Apart from advancements in single detector technologies, fire-detection systems also implement recent trends in Internet of Things and wireless connectivity. Wireless detectors have been recognized by NFPA 72 as far back as 1987 as low-power radio systems, but two recent advancements have led to the development of wireless detectors for domestic applications. One is the abolishment of NFPA 720 for CO detectors and its introduction to NFPA 72, and the other is the rapid implementation of Internet of Things for smart-home applications.
The introduction of CO detection to the general fire-detection design has led to the development of stand-alone wireless detectors for home use that can detect both CO and optical smoke. This type of combination detectors offers increased sensitivity, as they can also detect the CO that is a by-product of combustion, as well as a second level of protection against malfunctioning fireplaces or stoves. The recent trend in residential fire detection is a cluster of stand-alone combination CO/optical smoke detectors, interconnected via wireless Wi-Fi to the smart home network. This trend tends to abolish the cumbersome and unintuitive fire-detection panels from homes and replace them with smartphone applications as well as lowering installation and maintenance costs.

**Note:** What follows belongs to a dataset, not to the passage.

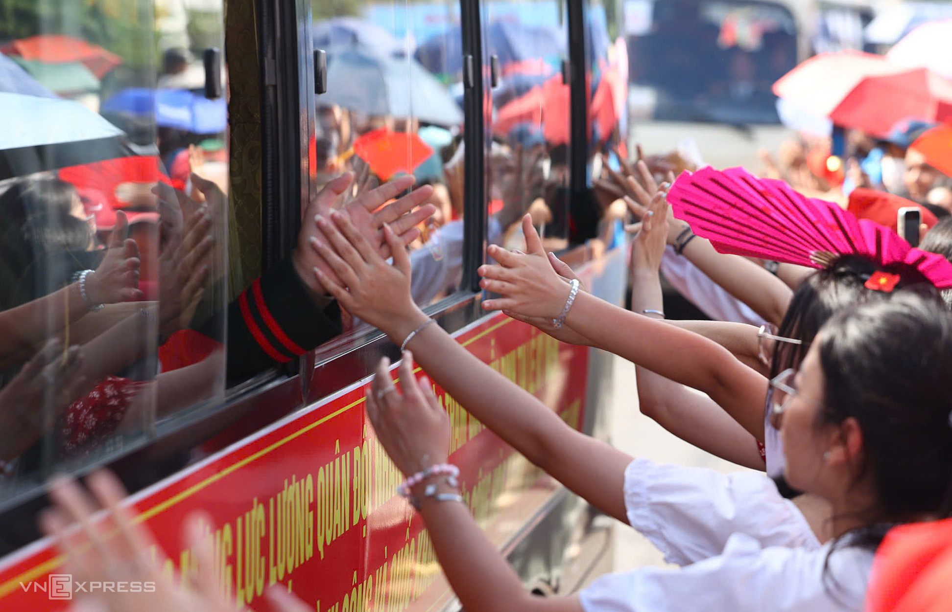 People wave to the engineer corps, the "pathfinders of victory" during wartime and pioneers in bridge building and road construction today. Photo: Duc Dong

The application of Internet of Things (IoT) connectivity on fire-detection systems was not limited only to wireless stand-alone detectors. New fire-detection panels offer a wide variety of connectivity and notification options, from massive email lists to specific application control, but IoT technology also offers a new level of system integration. Newer building installations have management systems (BMS) that incorporate all their different systems, from HVAC and plumbing to power distribution and networks. Introducing the fire-detection system to the central BMS is the next logical step, as the fire-detection panel can issue commands to other interconnected systems and prevent further deterioration of the emergency or aid in the orderly evacuation of the building. Furthermore, complete integration of fire-detection systems to building management systems and the use of prescriptive maintenance, achieved by monitoring a large number of variables from the connected detectors, offer lower maintenance costs, greater accuracy and sensitivity of the system as well as a prediction of mean time between faults for the system, with the aid of machine-learning algorithms.
The next step of emergency system integration is the complete cooperation of fire-detection, emergency lighting and voice-evacuation systems in a complete system that reduces building evacuation times and reacts in real time to changes in the emergency. Dynamic escape-route emergency-lighting systems change the type of the pictograms according to the situation, preventing occupants from following paths that are blocked. Furthermore, high-fidelity voice-announcement systems can intuitively guide the occupants and also can provide a means for the first-responder teams to issue further commands and instructions via integrated firefighter telephones. These types of systems are not only effective in case of fire but can also provide valuable alarms and instructions in other situations, such as chemical spill, intruder, or extreme weather phenomena.
Accidents are a part of everyday life and, even with the best of technologies, they cannot be eliminated. But emergent solutions and connected products can aid us in gathering crucial alerts early and correctly, reducing reaction and evacuation times. Designers and end users should embrace these solutions but should also adhere rigidly to appropriate regulations and policies to provide a coherent plan, with the proper implementation for each situation. Only then can the end goal, the protection of human life and property, be achieved.